• **Assignment**: Which lines in the data contain the word "coast"? Please copy each of them.

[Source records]
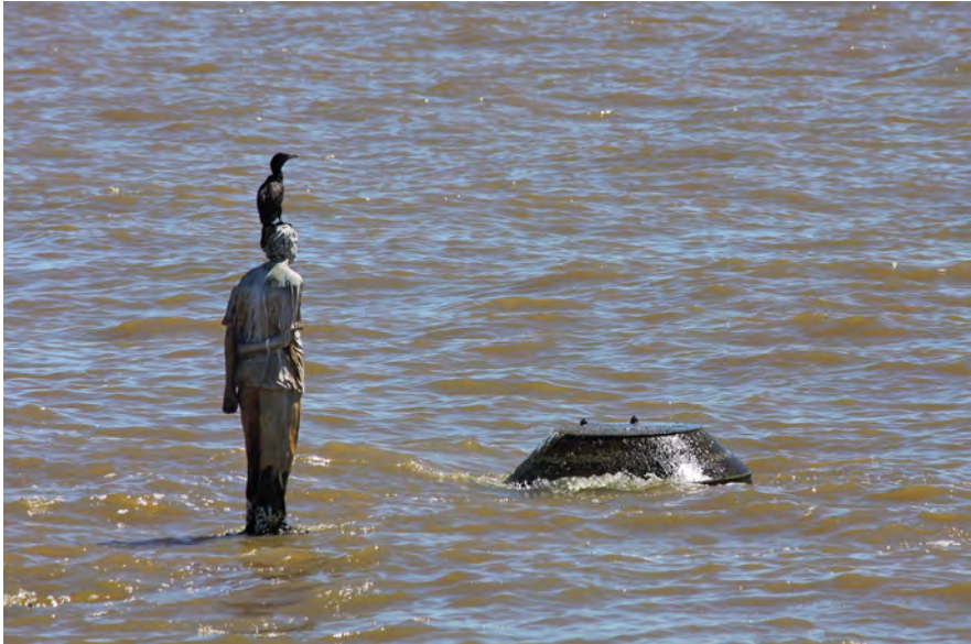
Fig. 1: Claudia Fontes, Reconstrucción del retrato de Pablo Míguez , 2000/2010. Mirror of polished stainless steel. 1,70 x 0,45 x 0,40 m. Río de la Plata, 70m off the coast, Parque de la Memoria, Avenida Costanera Norte, Rafael Obligado 6745, Buenos Aires. Photo: Guadalupe Miles, courtesy of the artist. http://claudiafontes.com/project/reconstruction-of-the-portrait-of-pablo-miguez/ .

installed in 2010. 15 The work is built in the water of the Río de la Plata with a distance of about 70m to the coast. The sculpture measures 1.70 x 0.50 x 0.70 meters and is life-sized. It is the stature of a boy turning his back towards the viewer. The standing figure is attached to a floating steel platform, of which only four
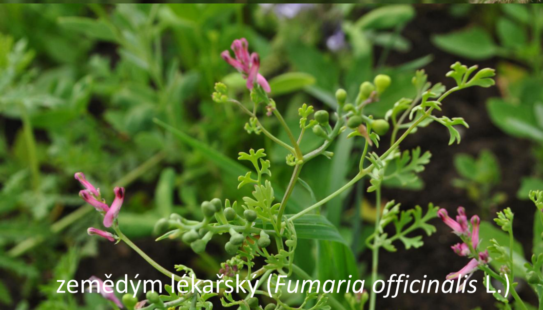
zemědým lékařský ( Fumaria officinalis L.)
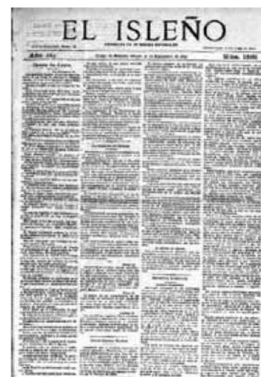
Fig. 12. El Isleño (1857-1899).

Amb motiu d'aquesta manca de premsa local, durant aquests dies es va desplaçar a Manacor un significatiu nombre de reporters arribats de Ciutat.
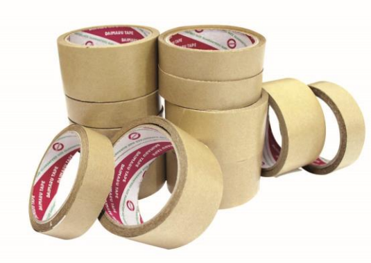
Gambar 2.5 Kraft Paper Tape

Pita perekat yang memiliki tekstur licin seperti keramik dan dapat diaplikasikan pada karton serta dapat bertahan pada kondisi ruangan yang lembab.
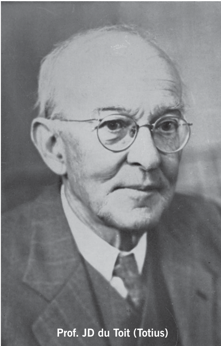
Prof. JD du Toit (Totius)
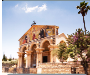
Iglesia de la Agonía

• **Answer to this exercise**:
Fig. 1: Claudia Fontes, Reconstrucción del retrato de Pablo Míguez , 2000/2010. Mirror of polished stainless steel. 1,70 x 0,45 x 0,40 m. Río de la Plata, 70m off the coast, Parque de la Memoria, Avenida Costanera Norte, Rafael Obligado 6745, Buenos Aires. Photo: Guadalupe Miles, courtesy of the artist. http://claudiafontes.com/project/reconstruction-of-the-portrait-of-pablo-miguez/ .
installed in 2010. 15 The work is built in the water of the Río de la Plata with a distance of about 70m to the coast. The sculpture measures 1.70 x 0.50 x 0.70 meters and is life-sized. It is the stature of a boy turning his back towards the viewer. The standing figure is attached to a floating steel platform, of which only four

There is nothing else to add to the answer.